____ Data for this exercise
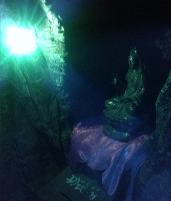 千佛洞,分內(nèi)外兩洞,外洞大而明,內(nèi)洞小而幽,中間有一個扁圓形孔穴相通。內(nèi)洞中,可以容納五至七人。內(nèi)洞的洞壁上,山巖經(jīng)水溶化,產(chǎn)生許多乳石及石筍,夾有各種色質(zhì),猶如人體心肝五臟,洞形又呈葫蘆形狀,后人便稱之為母腹。佛教宣揚(yáng)進(jìn)入小洞就是投胎佛母,受其恩育,復(fù)出小洞就是洗掉人生一切煩惱,獲得無上歡樂幸福。
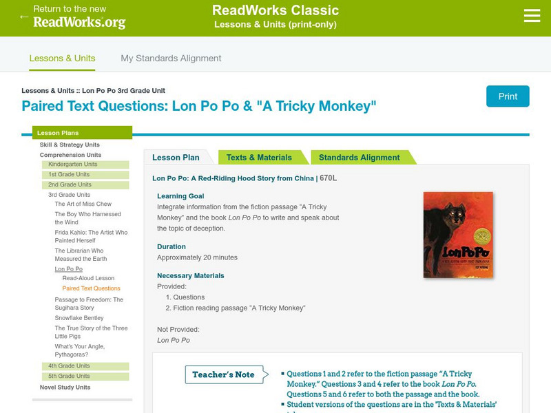 Read Works: "Lon Po Po" and "A Tricky Monkey"
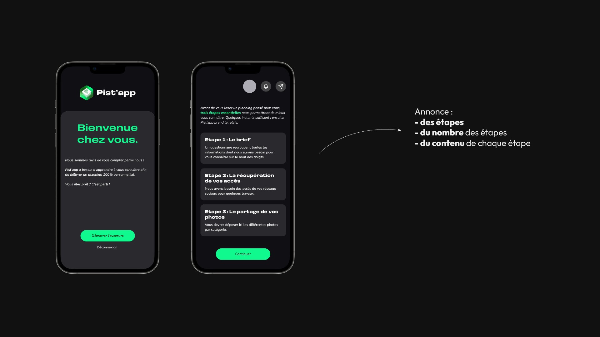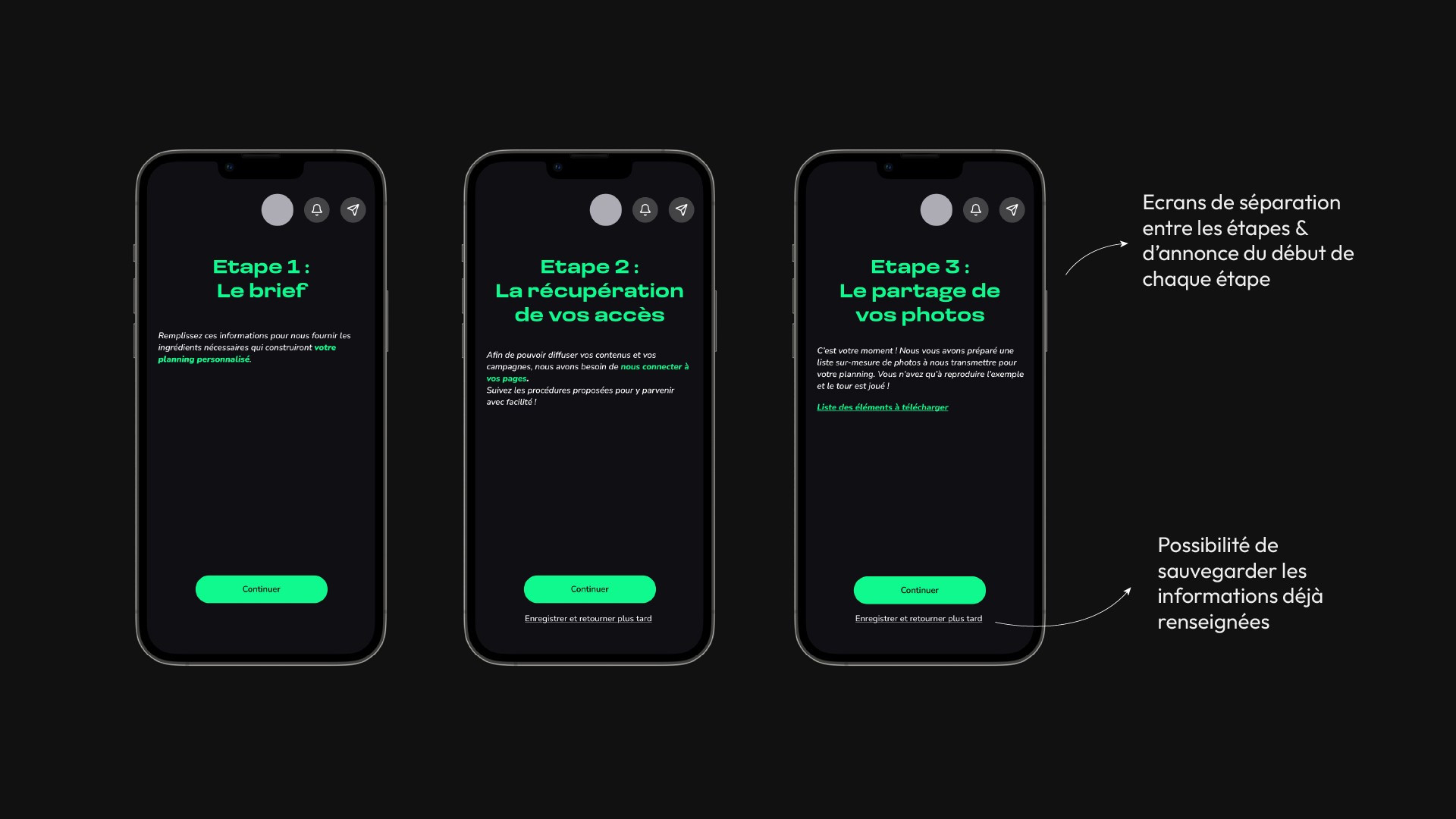 La phase de renseignement des informations étant relativement dense, l’UX a été pensée pour accompagner l’utilisateur à chaque étape. Des écrans de transition, des étapes clairement identifiées et des indicateurs de progression permettent de rendre le parcours simple, lisible et rassurant, en limitant au maximum les points de friction.
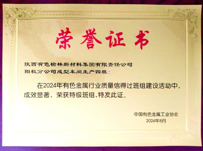 近日,2023—2024年度有色金屬行業(yè)優(yōu)秀質量管理小組、質量信得過班組等活動評選結果揭曉,榆林新材料集團陽極分公司成型車間生產(chǎn)四班榮獲2023——2024年度有色金屬行業(yè)質量信得過班組“特級班組”稱號。
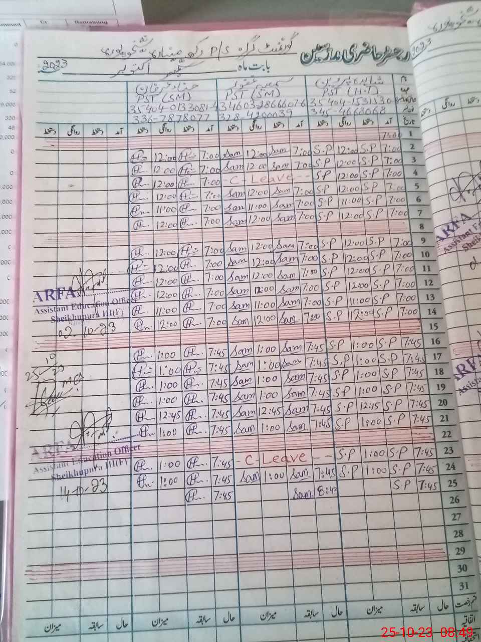 | Name: Sh**** Pa**** Designation: (School Headmaster's/Headmistress's) PST Phone/Cell Number: 03**** |
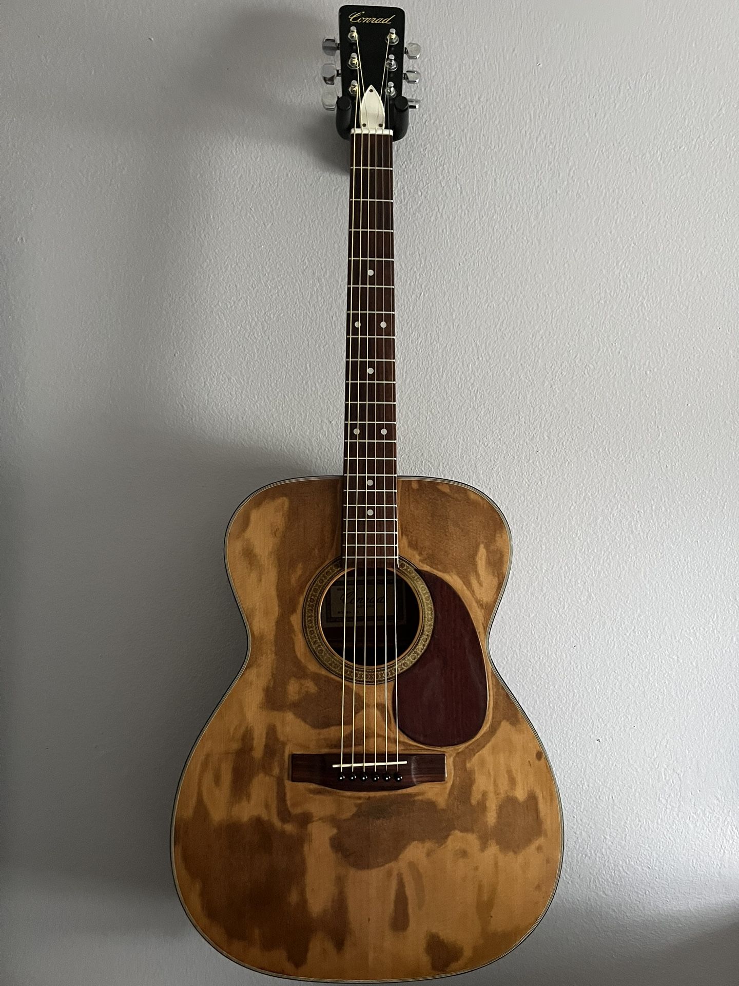 Conrad 40217 concert acoustic guitar. Lawsuit era, 1970s, made in Japan. Neck is straight and it plays super well. No major damage, but lots of wear as seen from use. Great sounding and playing vintage acoustic. Local pickup in Ocoee, FL.
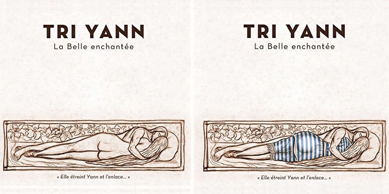 [Extrait]: Pour l’illustrer le 22ème album de Tri Yann sorti le 15 avril 2016 , le graphiste Tanguy Jossic choisit un dessin du peintre sculpteur français Georges Lacombe. Un couple allongé, enlacé et nu, illustre la pochette. Madame est de dos. Une croupe féminine au su et au vu de tous ? Inconcevable ! La représentation de seins, de fesses et de sexes est un motif de blocage sur les sites de streaming. C’est ainsi que se justifie la société française Believe, l’un des leaders mondiaux de la distribution digitale. Contraint de revoir sa copie, Tri Yann doit rhabiller La Belle Enchantée qui » étreint Yann et l’enlace « , mais désormais en costume de bain des années 1900! » Nous n’en voulons pas à Believe – confie l’un des chanteurs, Jean Chocun – elle ne fait que se plier aux normes en vigueur sur le Net, imposées par des firmes comme Apple. L’on peut quand même s’interroger sur l’américanisation de l’Europe et du monde. Quelle pudibonderie stupide ! « . La version physique de l’album reste commercialisée avec sa pochette d’origine sur le label du groupe : Marzelle.
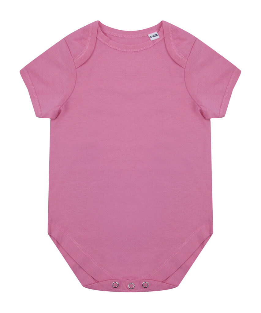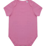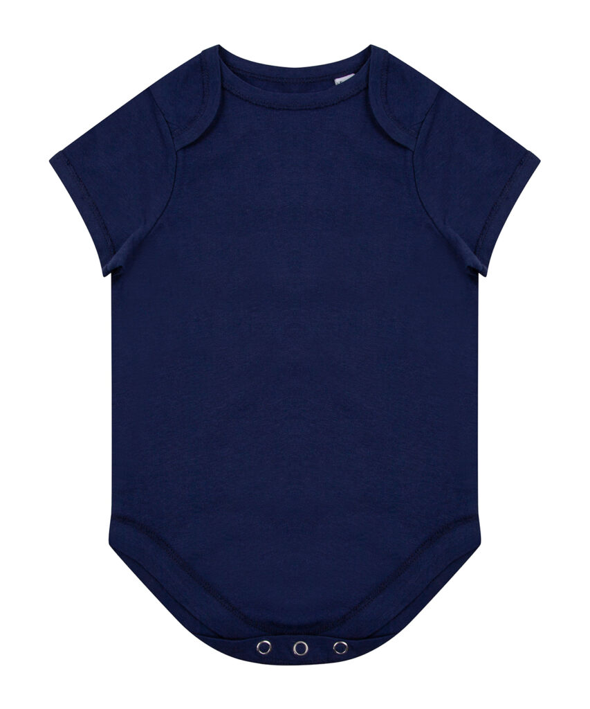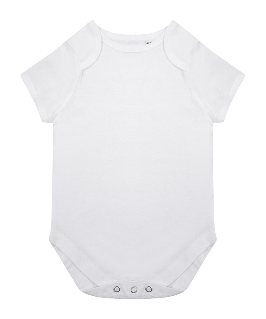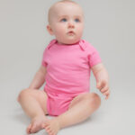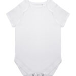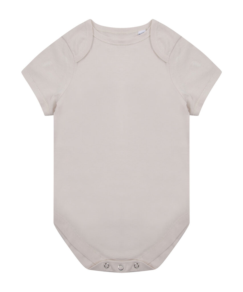 Making a change, this super-soft organic cotton bodysuit has YKK popper fastening on the gusset with self-coloured binding around the envelope neckline.
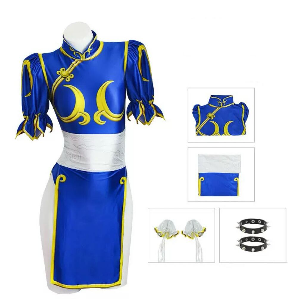 人気格闘ゲーム「ストリートファイター」の春麗をモチーフにしたコスチュームセットです。鮮やかなブルーに黄色の装飾が映えるデザインで、イベントや撮影、ハロウィンなどにもぴったりです。
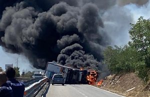 Gravissimo incidente sulla SS131: tir si ribalta e prende fuoco
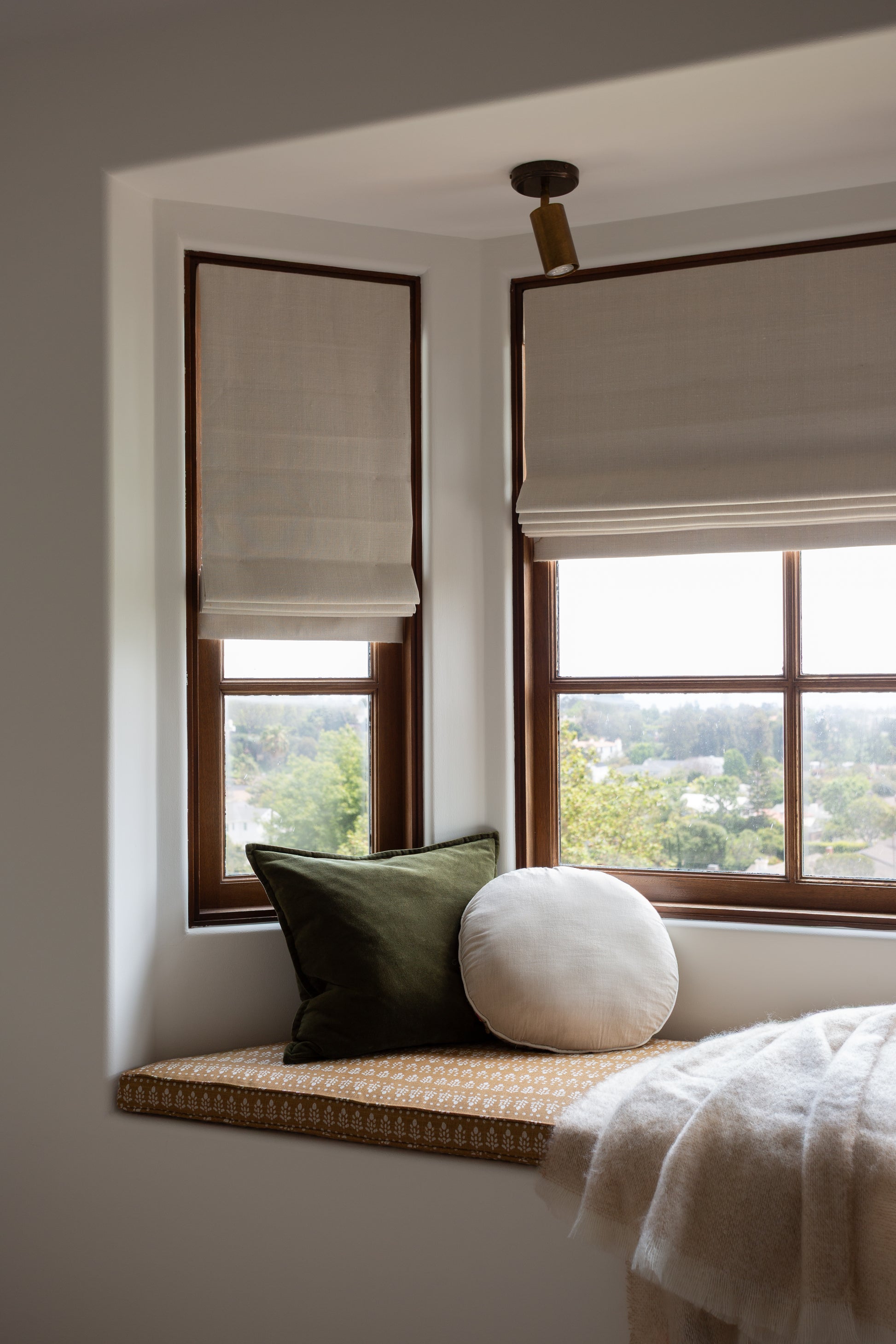 The directional brass spot light elevates spaces with its simple, functional design. The cylindrical brass body can be rotated in any direction.
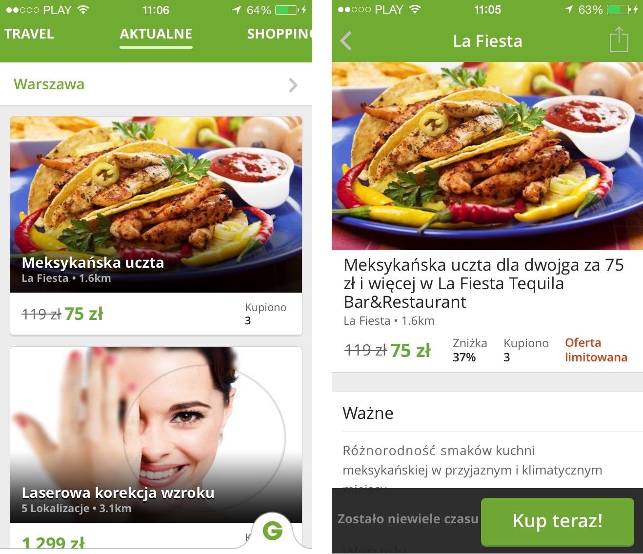 Choć szał na Groupona moim zdaniem nieco minął, to jednak serwis nadal działa i ma się świetnie. Jeżeli ktoś nie wie, jest to portal internetowy, na którym znaleźć znajdziesz rozmaite promocje i okazje, dzięki którym można jest taniej pojechać na wycieczkę, wyhaczyć nietypowo tanie bilety do kina, udać się po promocyjnej cenie do SPA, zjeść tani i dobry obiad lub kupić popularne buty. Działa to w ten sposób, że firma udostępnia Grouponowi specjalne „kupony”, które następnie serwis udostępnia w ograniczonej ilości użytkownikom. Zasada ich zdobycia jest prosta – kto pierwszy, tym lepszy. Aplikacja dla iPhone’ów w przejrzysty sposób prezentuje grouponowe promocje. Wszystkie oferty zostały podzielone na trzy działy: Travel, Aktualne oraz Shopping. Po określeniu swojej miejscowości w Aktualnych pojawią się odpowiednie dla niej oferty. Na ekranie głównym wyświetlana jest odległość do danego punktu, ile osób skorzystało z danego kuponu oraz ile zapłacisz za daną usługę czy produkt po promocyjnej cenie.
________
What to do
Repeat the listing above from its first line through the line that contains "Number: 03**** |", both included, and nothing more. Drop the pictures.

Solution to the exercise
 千佛洞,分內(nèi)外兩洞,外洞大而明,內(nèi)洞小而幽,中間有一個扁圓形孔穴相通。內(nèi)洞中,可以容納五至七人。內(nèi)洞的洞壁上,山巖經(jīng)水溶化,產(chǎn)生許多乳石及石筍,夾有各種色質(zhì),猶如人體心肝五臟,洞形又呈葫蘆形狀,后人便稱之為母腹。佛教宣揚(yáng)進(jìn)入小洞就是投胎佛母,受其恩育,復(fù)出小洞就是洗掉人生一切煩惱,獲得無上歡樂幸福。
 Read Works: "Lon Po Po" and "A Tricky Monkey"
 La phase de renseignement des informations étant relativement dense, l’UX a été pensée pour accompagner l’utilisateur à chaque étape. Des écrans de transition, des étapes clairement identifiées et des indicateurs de progression permettent de rendre le parcours simple, lisible et rassurant, en limitant au maximum les points de friction.
 近日,2023—2024年度有色金屬行業(yè)優(yōu)秀質量管理小組、質量信得過班組等活動評選結果揭曉,榆林新材料集團陽極分公司成型車間生產(chǎn)四班榮獲2023——2024年度有色金屬行業(yè)質量信得過班組“特級班組”稱號。
 | Name: Sh**** Pa**** Designation: (School Headmaster's/Headmistress's) PST Phone/Cell Number: 03**** |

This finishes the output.